There is no substitute to having a sea by your city, and Mumbai has many such sea-faces. Be it the Marine Drive or the Juhu beach or the Worli Sea-face or Chowpatty, you can always sneak out for a gush of fresh air and a little wet touch of the waves on your feet. The government has done a good job of cleaning up the beaches and I was impressed by how much more beautiful they looked than the last time I’d seen them. The sea made me miss the pleasures of open-air fun, and the big fan of sea-breeze that I am, I could simply sit there for hours “watching the world go by”, as they say.

Night-life in Mumbai rocks. It’s better than Delhi, because it does not carry the extra baggage of attitude that Delhi painfully drags along with it everywhere. You could be in a dhoti-kurta with paan in your mouth and yet walk into a club and dance your way onto the floor! In Bombay, they all mind their own business. The fun they have is hard-earned, and they don’t want to waste time analyzing and finding faults with people around them. I desperately wanted to dance to Hindi music (the only type of music in the world you can dance to impromptu and yet end up looking like a professional). I’d heard complaints from Bombayites about how DJs are angrezi babus and only play English music. But the DJ at Red Light (in Colaba) must’ve guessed I was coming, because all the time I was there, he played all the latest Hindi hits while I danced myself into a trance. And then, at 1:30am sharp, the lights suddenly came on and we were all caught in our half-dancing positions. Funnily, people remained like that for a few seconds, waiting for the lights to go off again. But sadly, they didn’t, the reason being that the police (Pandu hawaldars, in Mumbai slang) had arrived to close the place down. The legal time for ending the party had been 1am!! Well, we all got our alcohol poured into paper Coca-Cola cups and walked out in a single file. A tipsy guy even went to the extent of saluting the cops. Then we had our own little party downstairs on the street, while we finished our drinks.

For a Hindi movie buff like me, Bombay means far more than just a city. It means a city where the dream factories work overtime everyday to feed into imaginations of people like me. In spite of the filth, the slums, the poverty and the struggle, it is in this city that the most popular, and sometimes, the most superior, form of Indian art is created day after day. It is in this city that some of the biggest stars, whose posters adorn hoardings and hang from the walls all over the country, slept on platforms and travelled in local trains to get where they are today. For movie-crazy people, the air in Bombay, the smells of Bombay, the colloquial slang of Bombay, the names of places in Bombay; everything is familiar and yet new because I’ve seen and heard all of this on a 70 mm screen before my senses seeped into the Bombay fabric. And even though I came away without seeing a single celebrity (not even a small-fry, can you beat that?), I felt like a celebrity myself, boarding the flight from this never-sleeping alive dynamic eternally-charged city.

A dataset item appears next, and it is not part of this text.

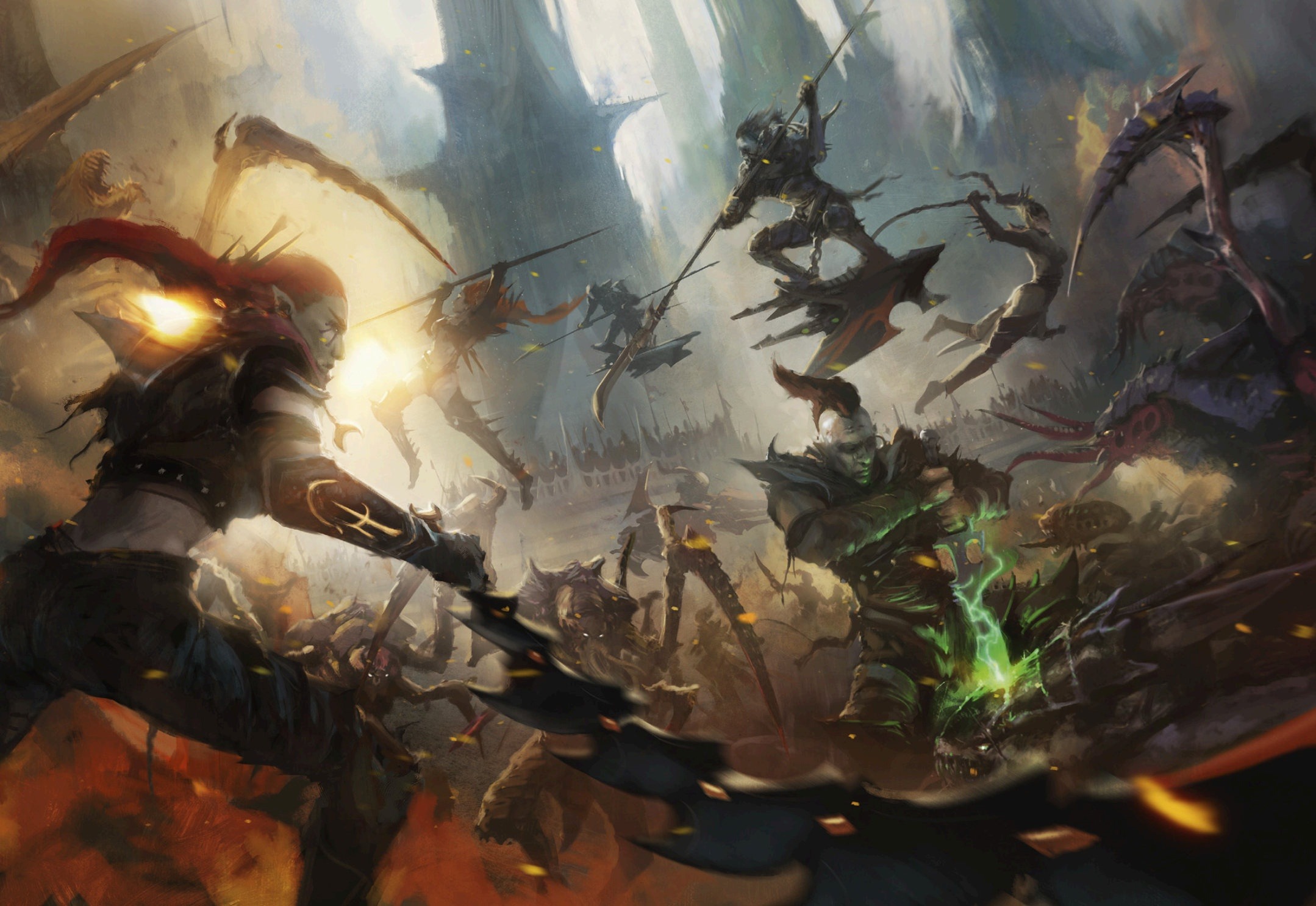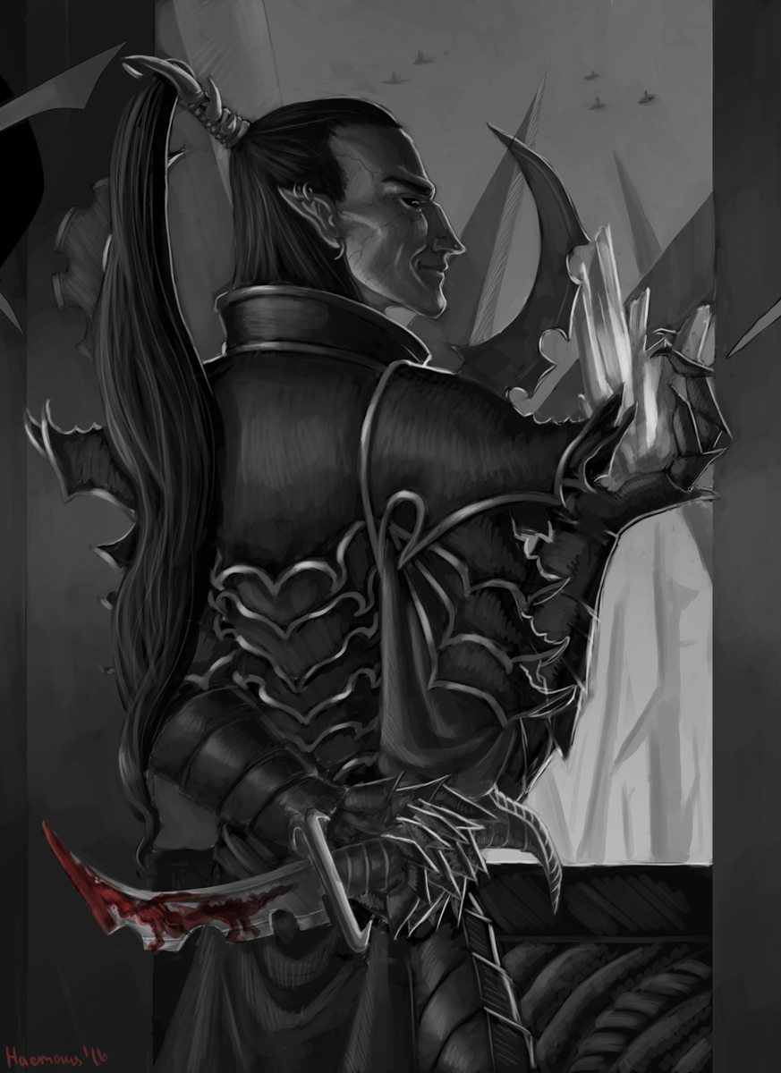 Толпа одобрительно заревела, но, как часто бывает в темноэльдарском обществе, ошибка Комморрской Белладонны тоже была притворством. Леди Гесперакс умышленно оставила одну руку открытой и позволила клинку соперницы пройтись по коже, чтобы ещё больше запутать зрителей. Лелит вовсе не спешила заканчивать дуэль, дабы не разочаровать своего бессменного покровителя — Асдрубаэля Векта. Верховный владыка наблюдал с пирамидальной крепости, парящей высоко в небе, уделяя происходящему внизу лишь толику своего внимания.

Bombay is not about walking around and taking photographs (well, you could do that, but only for a couple of days). Bombay is not about visiting. Bombay is all about living, and even as a tourist, you have to make sure you live in Bombay.  You gotta ride in their trains, you gotta walk on their promenades by the sea, you gotta eat their vada-pau on the street, you gotta pray like them at the auspicious Siddhivinayak and Mahalakshmi temples, you gotta be on the lookout for people whom you can help find their ways… and then, my friend, you’ve known what it is to be a Mumbai manoos.